Tangier’s Art And Cafe Scene

Tangier
Tangier in Morocco is an interesting blend of European, African, and Middle Eastern culture. This has made it a longtime meeting ground and inspiration for artists and writers.

The city is best known in the West as the residence of many of the Beat Generation writers. William S. Burroughs wrote “Naked Lunch here and Tangier’s International Zone inspired his Interzone, a setting that appears in several of his novels. Kerouac, Ginsberg, and Corso passed through and non-Beat Tennessee Williams also spent time here. Paul Bowles stayed the longest, coming to Tangier in 1947 and living there for half a century.

Several hotels, bars, and cafes proudly proclaim an association with one famous writer or another. I didn’t go hunting them down as I felt no great urge to see the vestiges of a literary scene that had died before I was born. It’s the writing that endures, so instead I started rereading “The Sheltering Sky,” a haunting and mysterious novel that any writer can profit from studying. Maybe I’ll hunt down those literary landmarks next time. Tangier is one of those places that draws you back.

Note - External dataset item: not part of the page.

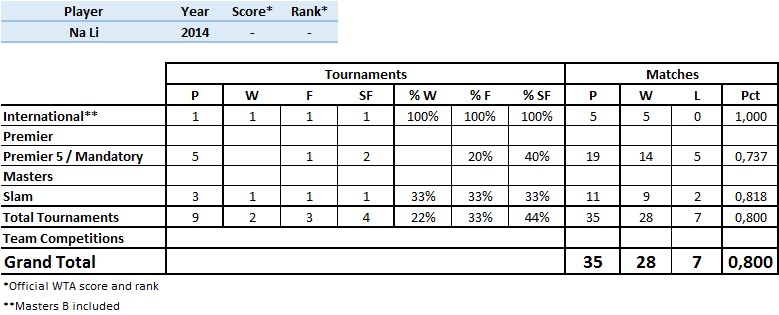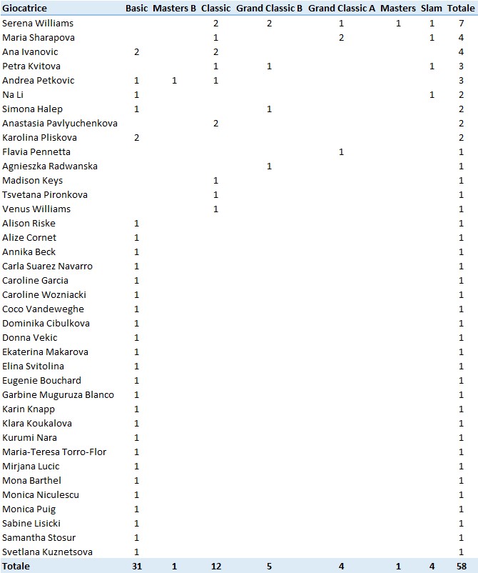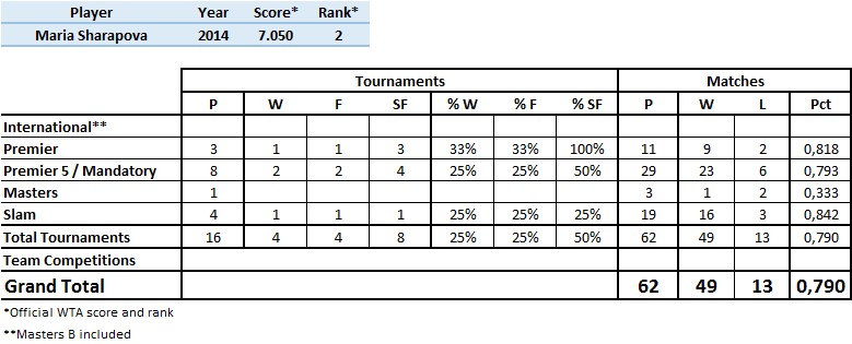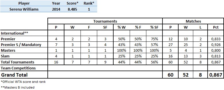 Il nostro modello di analisi del tennis, che nel corso del 2014 ha subito una modifica rilevante, della quale daremo di seguito conto, assegna anche l’annata 2014 a Serena Williams, anche se, rispetto al 2013, sia il valore assoluto della prestazione della giocatrice americana, sia il delta sulla seconda classificata, sono in netto calo. Difficile dire se si sia di fronte al canto del cigno oppure a una stagione non troppo consistente da parte di Serena: i due matches contro Simona Halep in occasione delle WTA Finals sono l’epitome di questo dubbio. D’altronde, anche in passato Serena Williams ha alternato stagioni straordinarie a stagioni sotto tono, ed è impossibile ricavare serie indicazioni sul futuro da questo 2014. Nel complesso Serena ha vinto 7 tornei (1 Slam, il Masters, 1 Premier Mandatory, 2 Premier 5 e 2 Premier) su 16 presenze in un main draw, senza perdere alcuna finale, ma compiendo molti passi falsi: basti dire che non è arrivata nemmeno al quarto di finale in tre dei quattro slam giocati. La pct stagionale, derivante da un record di 52-8, è pari a 0,867. Al secondo posto troviamo Maria Sharapova, capace di conseguire 4 titoli (1 Slam, 2 Premier Mandatory e 1 Premier) in altrettante finali, anche lei a fronte di 16 presenze in un main draw. Al terzo posto si classifica Petra Kvitova, con 3 successi (1 Slam, 1 Premier 5 e 1 Premier) oltre a una finale persa (Premier Mandatory), a fronte di 19 presenze in un main draw. Da menzionare, per la Kvitova, anche la vittoria in Fed Cup (la terza vittoria della squadra ceca nelle ultime quattro edizioni). Simona Halep, che alla fine dello scorso anno segnalavamo come da tenere d’occhio per il 2014, si è classificata ottima quarta con 2 titoli (fra i quali il primo Premier 5 della carriera) e 3 finali perse, tutte molto rilevanti dal punto di vista qualitativo (1 Slam, la finale del Masters e 1 Premier Mandatory).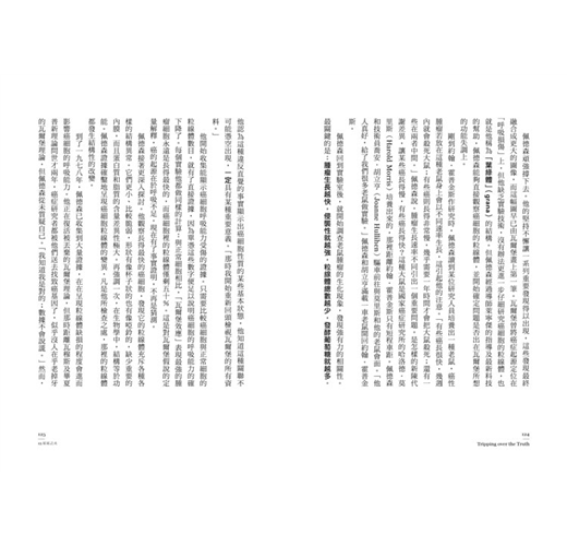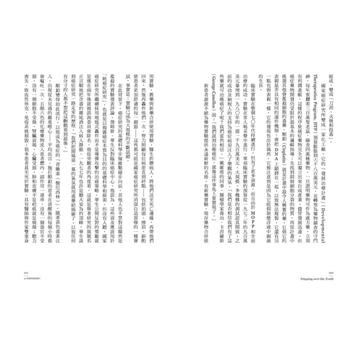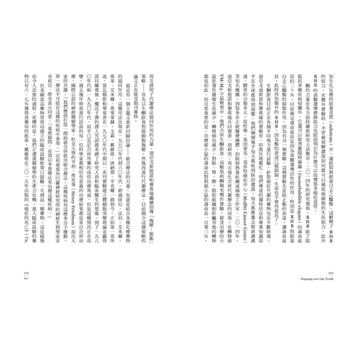 作者廣泛與癌症研究者做深度訪談,如《癌症代謝療法》的作者賽弗瑞博士(Thomas Seyfried)、約翰・霍普金斯大學醫學院的佩德森博士(Peter Pedersen)等,以豐富的敘事內容和嚴謹的科學論據,讓我們了解那些繁雜細小的事件如何像共謀般坐大這個惡性毒瘤,讀來就像偵探小說,充滿曲折和謎團,也不乏盲目的死巷和令人振奮的時刻。

While I didn’t go hunting for the literary scene, that scene sprang on me quite by surprise. I heard that Mohamed Mrabet was having an exhibition at Art Ingis at 11 Rue Khalid ibn Oualid. Mrabet is one of my favorite writers, an old-style Arab storyteller whose kif-laden tales were first translated by Paul Bowles in 1967 and blew my mind all through the ’90s. He’s also a prolific illustrator, using a thick pen to produce intricate designs reminiscent of the patterns women henna onto their hands in this part of the world.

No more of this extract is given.